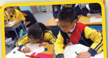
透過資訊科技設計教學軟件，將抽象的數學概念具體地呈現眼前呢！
_ _ _
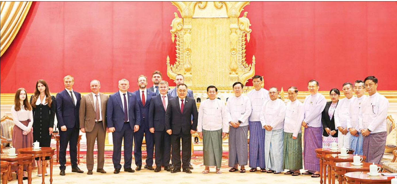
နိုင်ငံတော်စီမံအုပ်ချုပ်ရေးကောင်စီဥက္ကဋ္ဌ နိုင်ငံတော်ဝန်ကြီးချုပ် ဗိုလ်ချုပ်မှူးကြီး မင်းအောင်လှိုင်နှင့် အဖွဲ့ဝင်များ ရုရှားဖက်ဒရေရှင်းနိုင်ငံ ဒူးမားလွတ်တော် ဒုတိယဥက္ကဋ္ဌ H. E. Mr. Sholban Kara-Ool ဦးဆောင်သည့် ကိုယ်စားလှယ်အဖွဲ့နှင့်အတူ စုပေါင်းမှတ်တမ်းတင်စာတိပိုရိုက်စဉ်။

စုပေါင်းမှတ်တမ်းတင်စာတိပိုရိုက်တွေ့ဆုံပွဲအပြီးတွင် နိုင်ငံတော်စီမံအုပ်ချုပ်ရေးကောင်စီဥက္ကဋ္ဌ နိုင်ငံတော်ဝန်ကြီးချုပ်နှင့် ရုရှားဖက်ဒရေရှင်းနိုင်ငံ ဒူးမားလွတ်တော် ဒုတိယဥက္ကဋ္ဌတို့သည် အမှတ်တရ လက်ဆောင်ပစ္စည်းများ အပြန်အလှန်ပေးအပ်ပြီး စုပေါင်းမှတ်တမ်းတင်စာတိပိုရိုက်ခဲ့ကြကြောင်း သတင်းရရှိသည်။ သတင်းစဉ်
_ _ _
[Exercise prompt] Using the data above, transcribe the lines that run from the line with "နိုင်ငံတော်ဝန်ကြီးချုပ် ဗိုလ်ချုပ်မှူးကြီး မင်းအောင်လှိုင်နှင့်" to the line with "ရုရှားဖက်ဒရေရှင်းနိုင်ငံ ဒူးမားလွတ်တော် ဒုတိယဥက္ကဋ္ဌတို့သည်", both ends kept, and output nothing else.

[Solution below]
နိုင်ငံတော်စီမံအုပ်ချုပ်ရေးကောင်စီဥက္ကဋ္ဌ နိုင်ငံတော်ဝန်ကြီးချုပ် ဗိုလ်ချုပ်မှူးကြီး မင်းအောင်လှိုင်နှင့် အဖွဲ့ဝင်များ ရုရှားဖက်ဒရေရှင်းနိုင်ငံ ဒူးမားလွတ်တော် ဒုတိယဥက္ကဋ္ဌ H. E. Mr. Sholban Kara-Ool ဦးဆောင်သည့် ကိုယ်စားလှယ်အဖွဲ့နှင့်အတူ စုပေါင်းမှတ်တမ်းတင်စာတိပိုရိုက်စဉ်။

စုပေါင်းမှတ်တမ်းတင်စာတိပိုရိုက်တွေ့ဆုံပွဲအပြီးတွင် နိုင်ငံတော်စီမံအုပ်ချုပ်ရေးကောင်စီဥက္ကဋ္ဌ နိုင်ငံတော်ဝန်ကြီးချုပ်နှင့် ရုရှားဖက်ဒရေရှင်းနိုင်ငံ ဒူးမားလွတ်တော် ဒုတိယဥက္ကဋ္ဌတို့သည် အမှတ်တရ လက်ဆောင်ပစ္စည်းများ အပြန်အလှန်ပေးအပ်ပြီး စုပေါင်းမှတ်တမ်းတင်စာတိပိုရိုက်ခဲ့ကြကြောင်း သတင်းရရှိသည်။ သတင်းစဉ်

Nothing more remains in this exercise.